— Exercise —
Starting at the first line of the records and stopping at the line that contains "做法: 1、將蒜用壓蒜器壓成蓉備用; 2、魷魚洗凈切成細(xì)絲備用;", transcribe every line exactly and leave out the pictures.

— Data for the task —
== Segment start ==

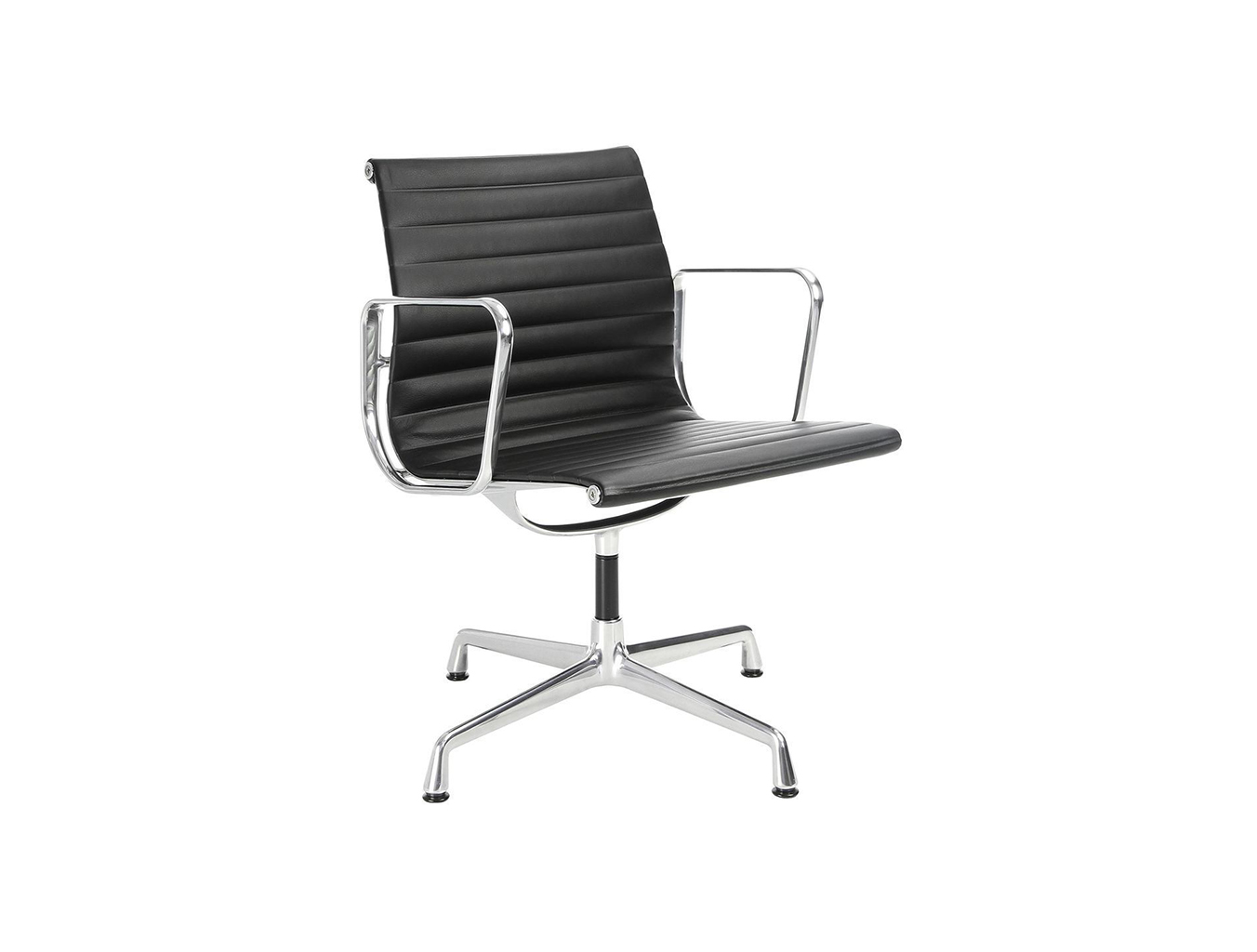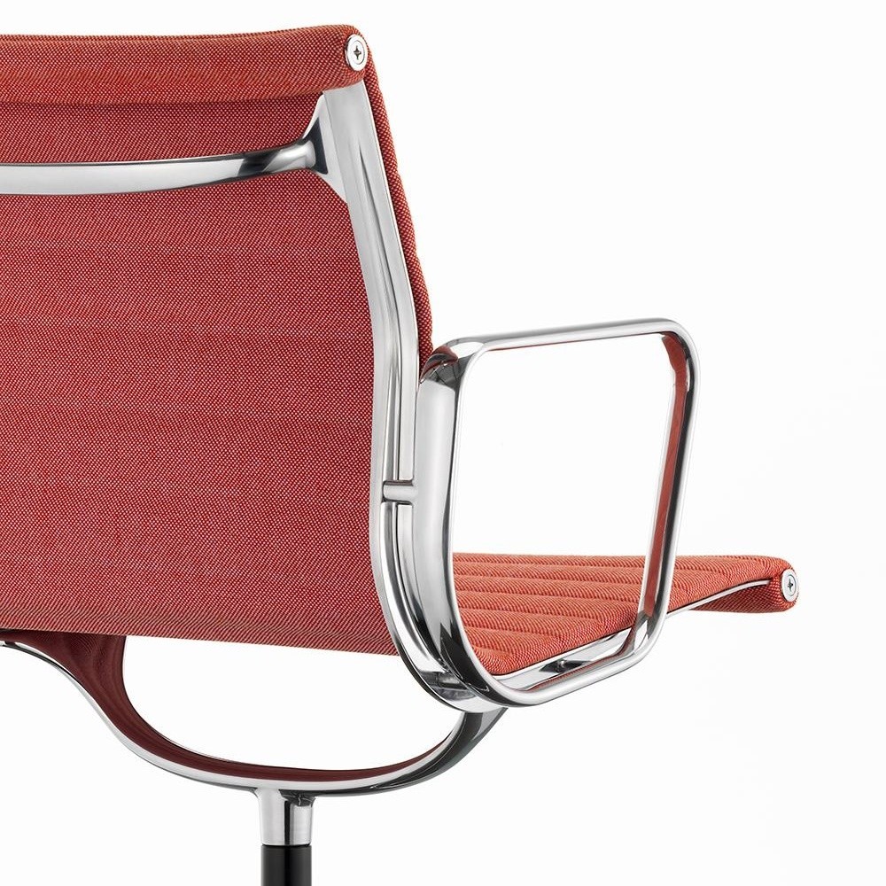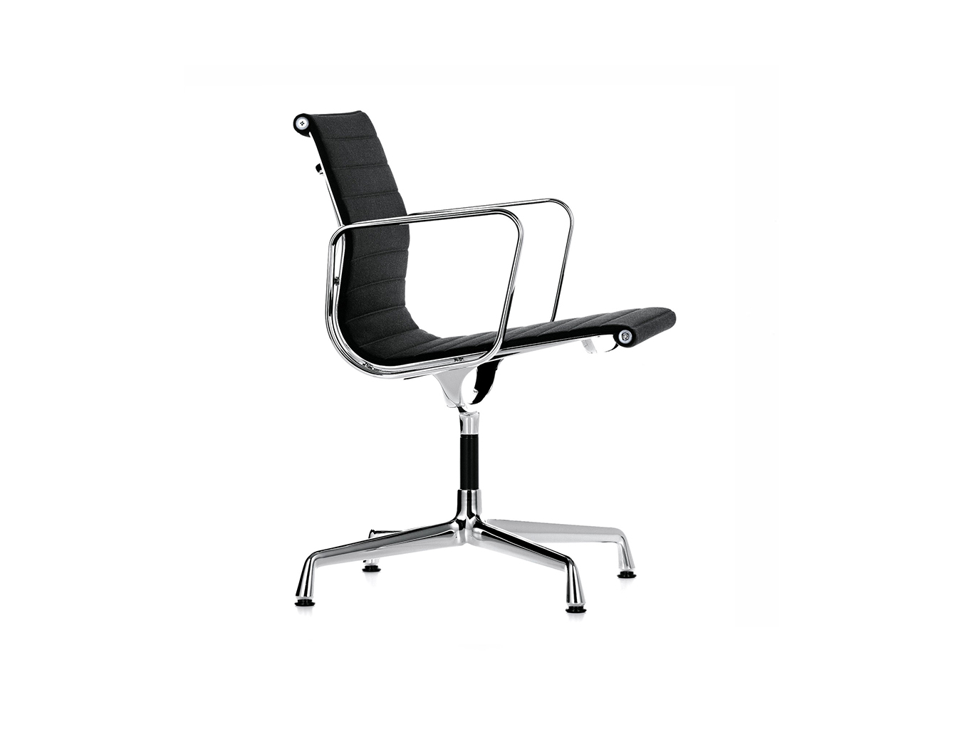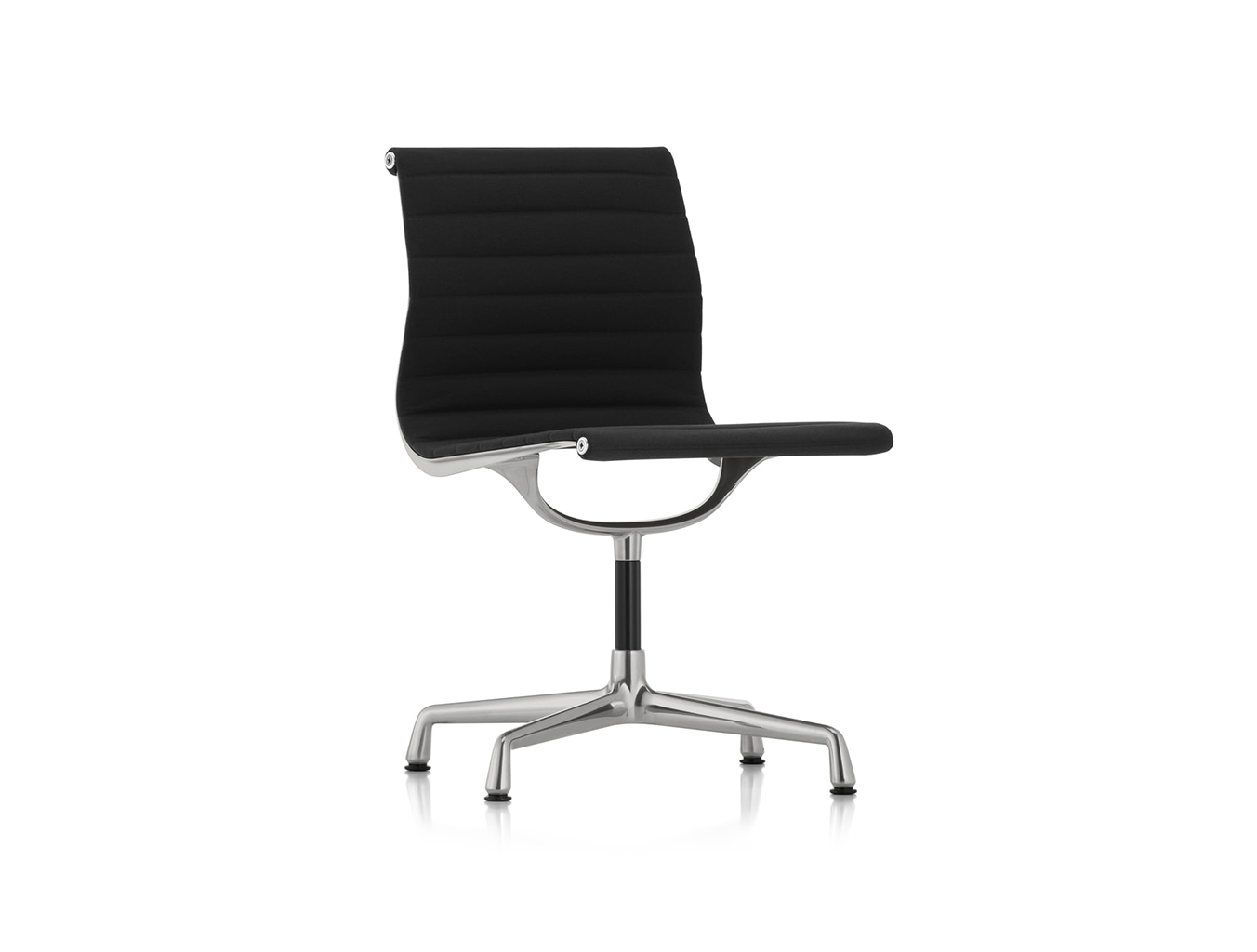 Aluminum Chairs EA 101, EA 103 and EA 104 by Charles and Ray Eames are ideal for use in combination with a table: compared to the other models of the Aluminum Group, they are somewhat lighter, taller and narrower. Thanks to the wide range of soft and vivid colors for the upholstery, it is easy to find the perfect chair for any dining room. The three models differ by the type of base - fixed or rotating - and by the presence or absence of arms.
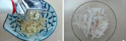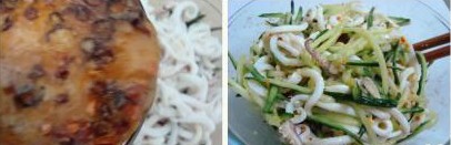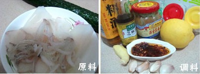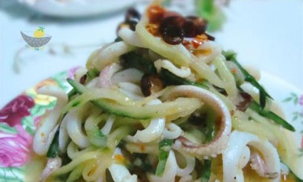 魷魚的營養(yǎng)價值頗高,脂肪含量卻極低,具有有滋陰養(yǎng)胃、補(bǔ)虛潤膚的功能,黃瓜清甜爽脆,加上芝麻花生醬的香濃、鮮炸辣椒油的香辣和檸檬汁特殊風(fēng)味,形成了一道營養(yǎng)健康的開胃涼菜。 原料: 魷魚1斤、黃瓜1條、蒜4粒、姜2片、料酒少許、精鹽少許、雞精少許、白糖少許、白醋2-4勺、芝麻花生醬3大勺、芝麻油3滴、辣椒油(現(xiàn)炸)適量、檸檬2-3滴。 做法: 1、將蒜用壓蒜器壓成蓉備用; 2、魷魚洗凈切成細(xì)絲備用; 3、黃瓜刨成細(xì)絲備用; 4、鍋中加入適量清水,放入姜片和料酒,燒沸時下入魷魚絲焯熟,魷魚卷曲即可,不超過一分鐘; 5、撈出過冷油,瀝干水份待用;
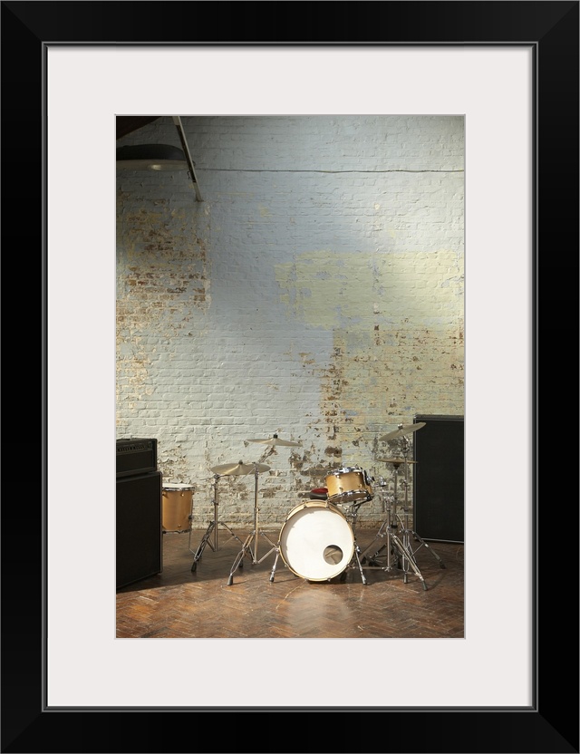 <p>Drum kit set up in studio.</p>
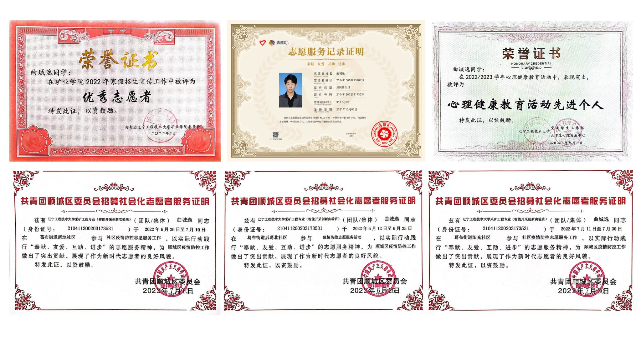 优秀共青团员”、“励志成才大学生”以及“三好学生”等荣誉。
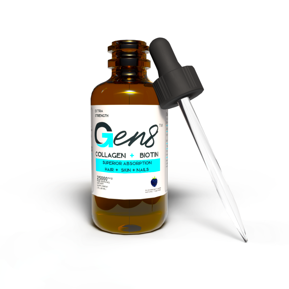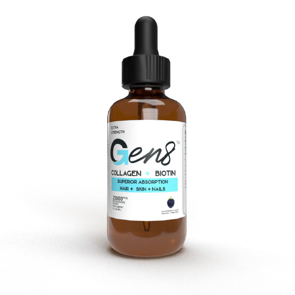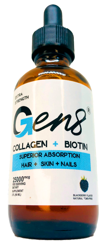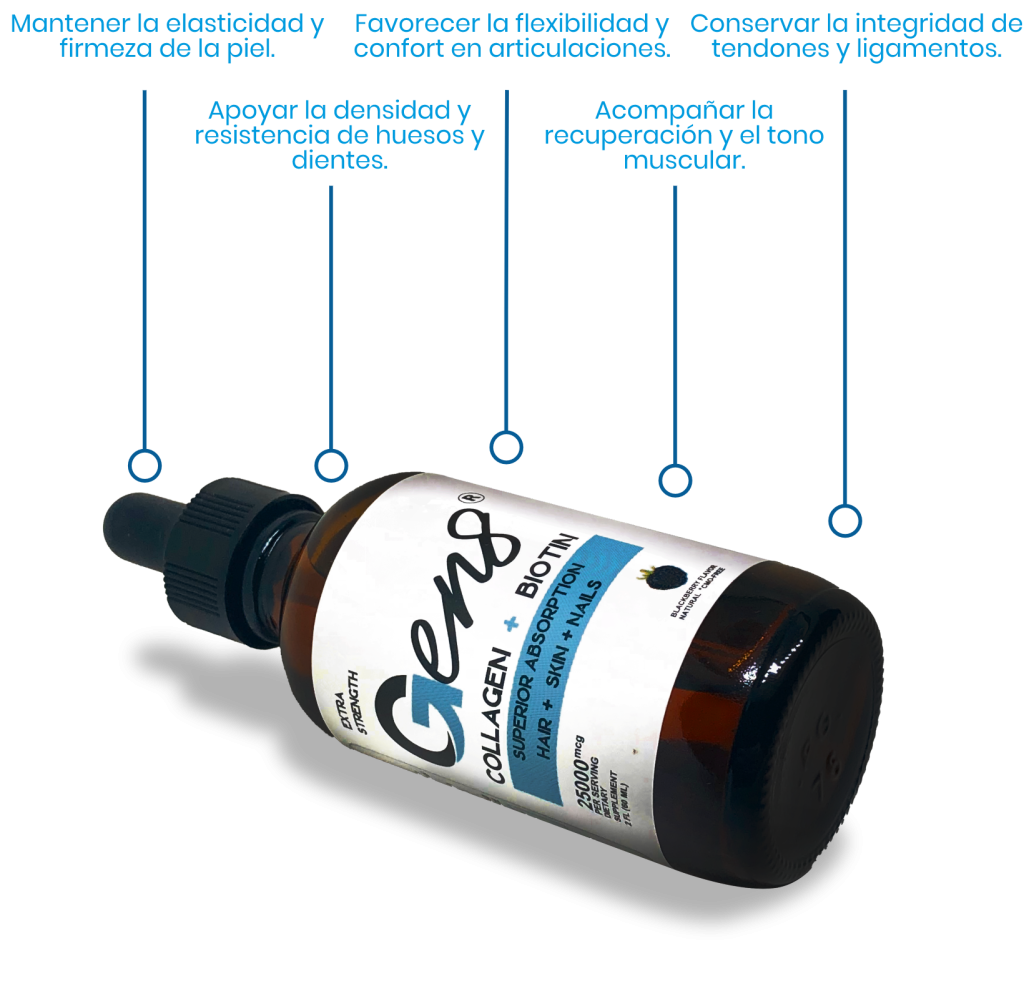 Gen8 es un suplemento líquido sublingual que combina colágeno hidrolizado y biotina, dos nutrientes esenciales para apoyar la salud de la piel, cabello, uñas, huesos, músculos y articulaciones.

== Segment end ==

— Task result —
 Aluminum Chairs EA 101, EA 103 and EA 104 by Charles and Ray Eames are ideal for use in combination with a table: compared to the other models of the Aluminum Group, they are somewhat lighter, taller and narrower. Thanks to the wide range of soft and vivid colors for the upholstery, it is easy to find the perfect chair for any dining room. The three models differ by the type of base - fixed or rotating - and by the presence or absence of arms.
 魷魚的營養(yǎng)價值頗高,脂肪含量卻極低,具有有滋陰養(yǎng)胃、補(bǔ)虛潤膚的功能,黃瓜清甜爽脆,加上芝麻花生醬的香濃、鮮炸辣椒油的香辣和檸檬汁特殊風(fēng)味,形成了一道營養(yǎng)健康的開胃涼菜。 原料: 魷魚1斤、黃瓜1條、蒜4粒、姜2片、料酒少許、精鹽少許、雞精少許、白糖少許、白醋2-4勺、芝麻花生醬3大勺、芝麻油3滴、辣椒油(現(xiàn)炸)適量、檸檬2-3滴。 做法: 1、將蒜用壓蒜器壓成蓉備用; 2、魷魚洗凈切成細(xì)絲備用; 3、黃瓜刨成細(xì)絲備用; 4、鍋中加入適量清水,放入姜片和料酒,燒沸時下入魷魚絲焯熟,魷魚卷曲即可,不超過一分鐘; 5、撈出過冷油,瀝干水份待用;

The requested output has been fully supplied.